[Items from a dataset]
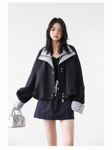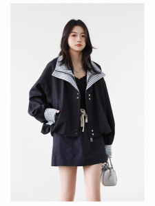 美式复古春季花苞风衣夹克女设计感拼接格纹双层翻领假两件短外套
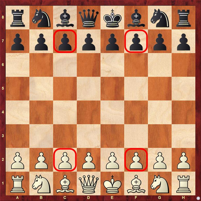 bílý hrozí vidličku na f7 dát a slabší hráč si s tím neví vůbec rady, takže často ztratí věž nebo zahraje nesmyslné 4. … De7 apod. Správná obrana je 4. … d5! a po 5. exd5 např. 5. … Ja5!, ale to už jsou varianty pro hráče minimálně 3. VT. Proto je pro začátečníka bezpečnější hrát italskou, tedy místo 3. … Jf6 3. … Sc5 (pak nejde 4. Jg5 pro Dxg5 5. d4 – pozor, dáma! – Dxg2).
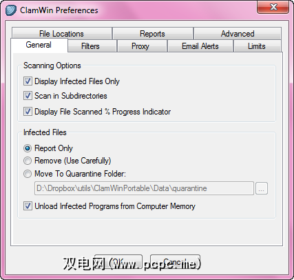 如果您想知道要使用哪个版本, m使用便携式版本0.97.3进行了此次审核。该最新版本除了具有该防病毒功能的主要功能(病毒扫描程序,扫描计划程序,自动病毒数据库更新以及与Windows资源管理器和Microsoft Outlook的集成)之外,还改进了字节码签名匹配。
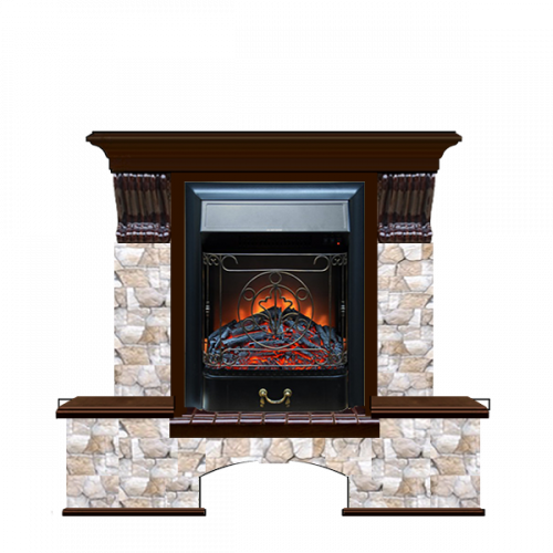 Электрокамин "Бостон К Арбат" изготовлен из МДФ со шпоном дуба, облицовка электрокамина - искусственным камнем серии Алтай, фактура и цвет камня создаёт ощущение лета в тайге. Окрас электрокамина любой на выбор.
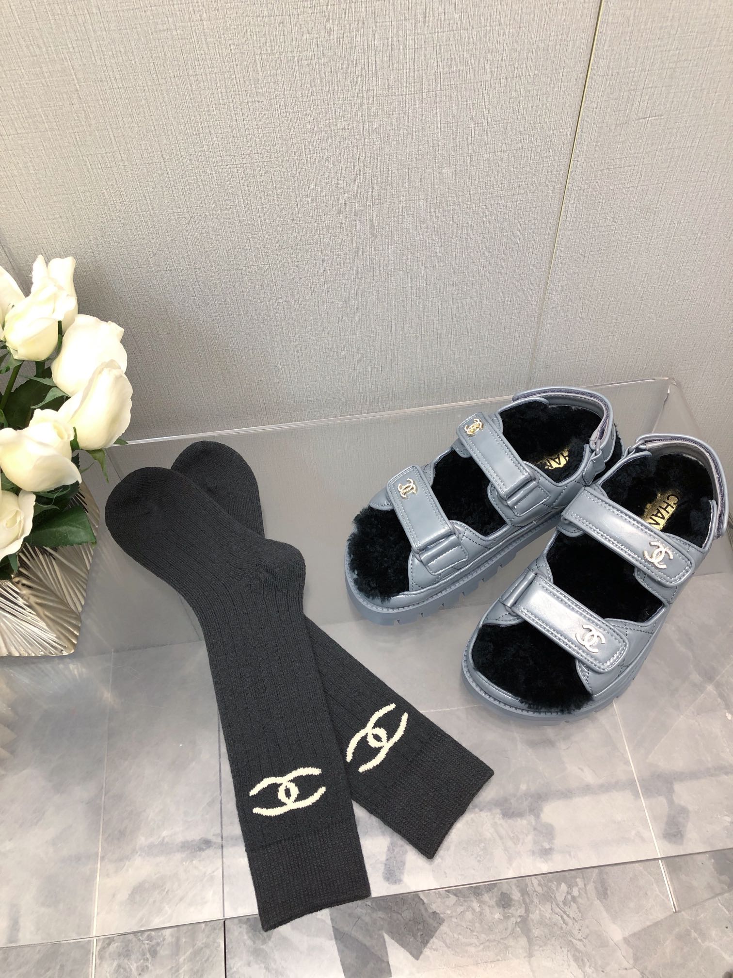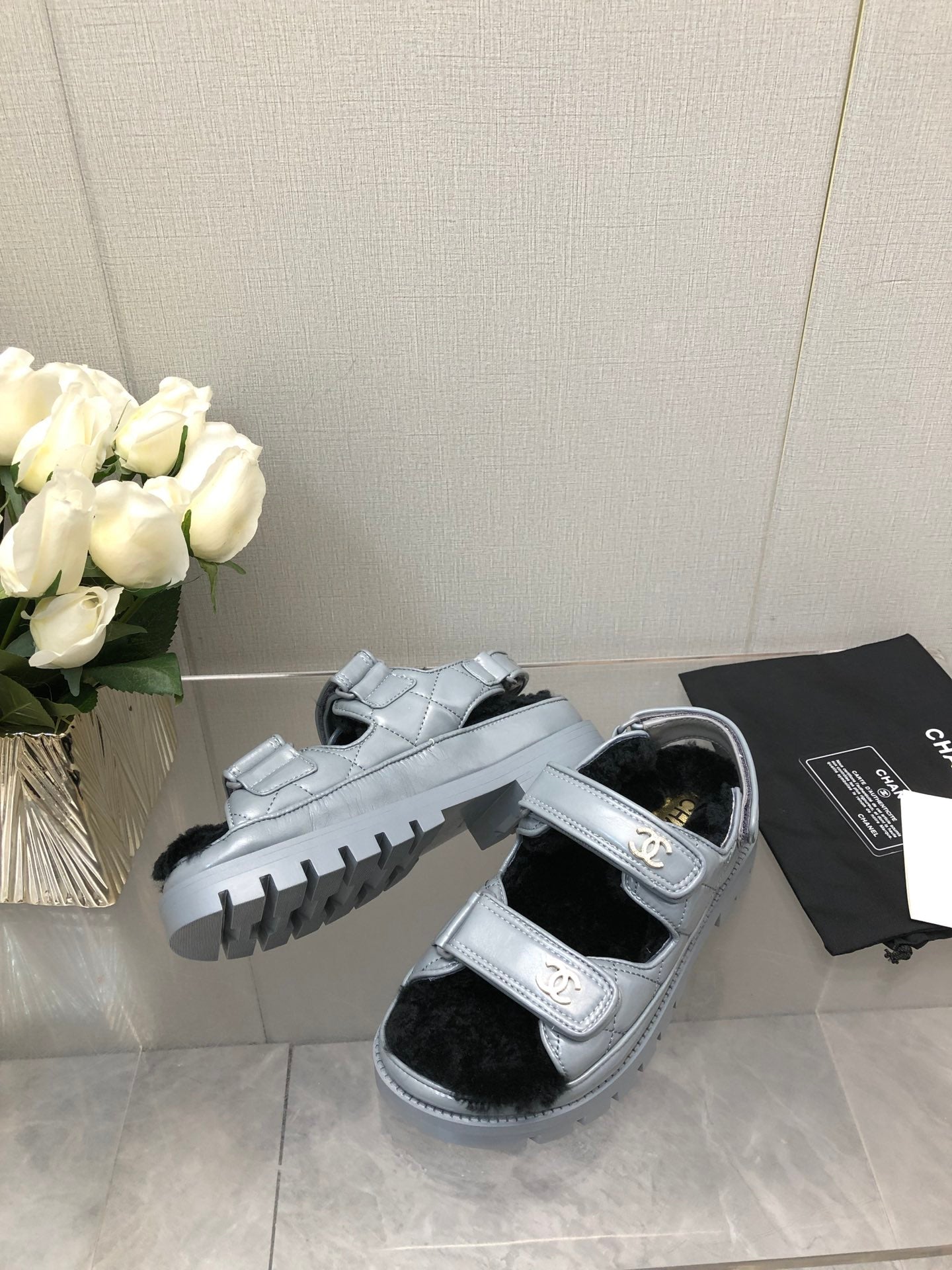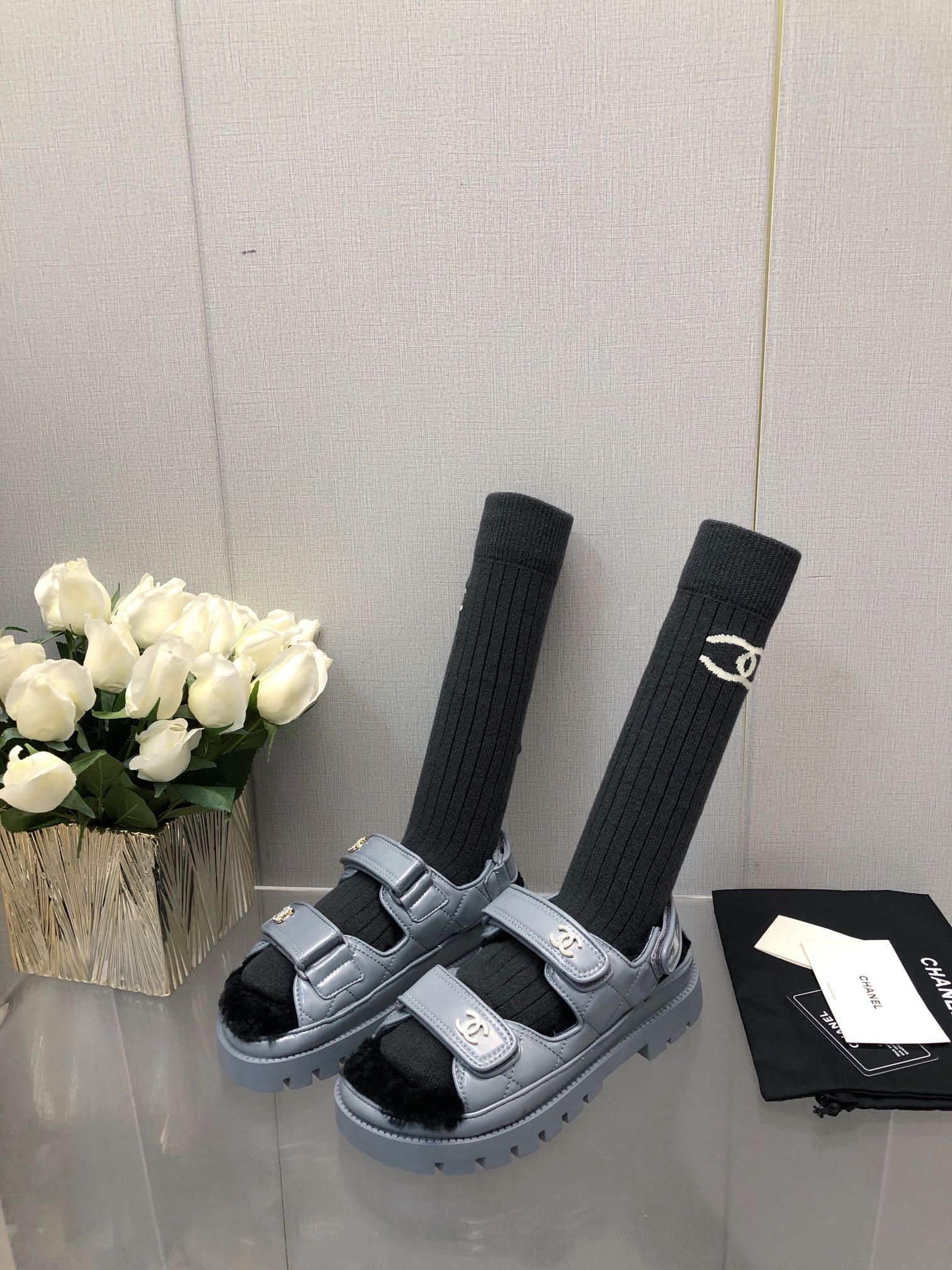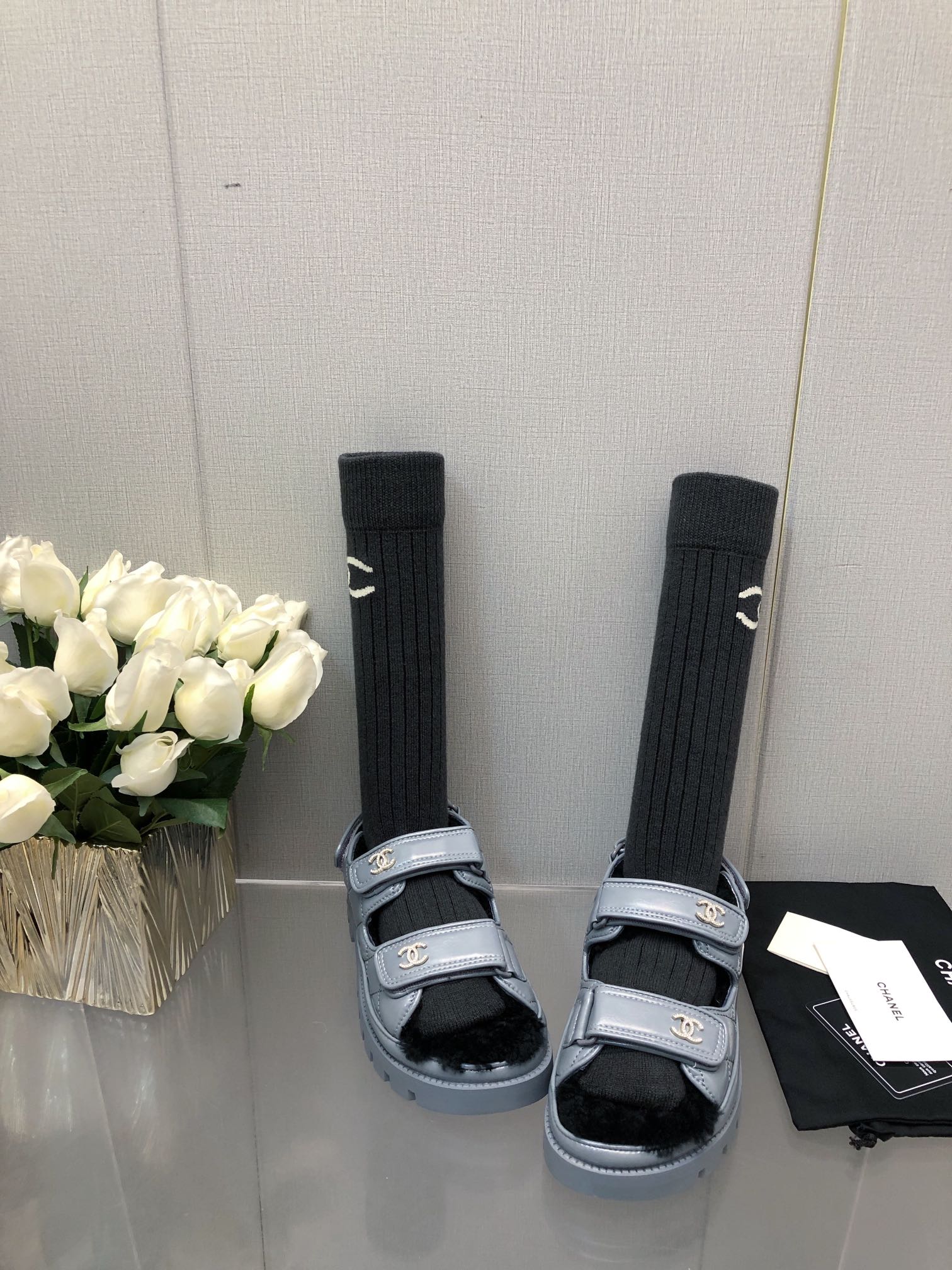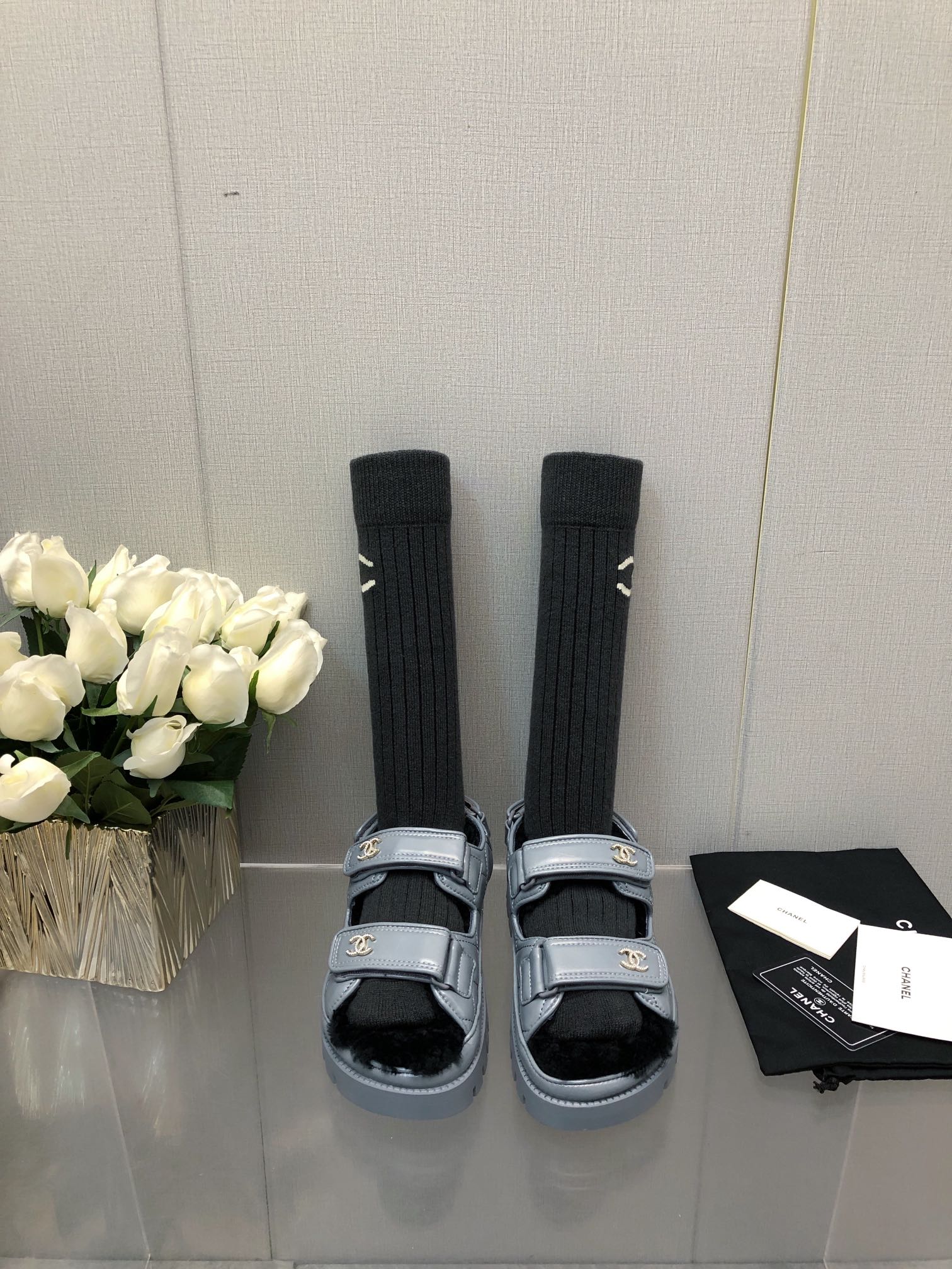 CC 25 Flip Flop Sandals Black Suede Calfskin Espadrilles

Exercise brief:
Exactly repeat only the lines from the one with "любой на выбор." to the closing line above, both included, and omit every picture.

Worked solution:
 Электрокамин "Бостон К Арбат" изготовлен из МДФ со шпоном дуба, облицовка электрокамина - искусственным камнем серии Алтай, фактура и цвет камня создаёт ощущение лета в тайге. Окрас электрокамина любой на выбор.
 CC 25 Flip Flop Sandals Black Suede Calfskin Espadrilles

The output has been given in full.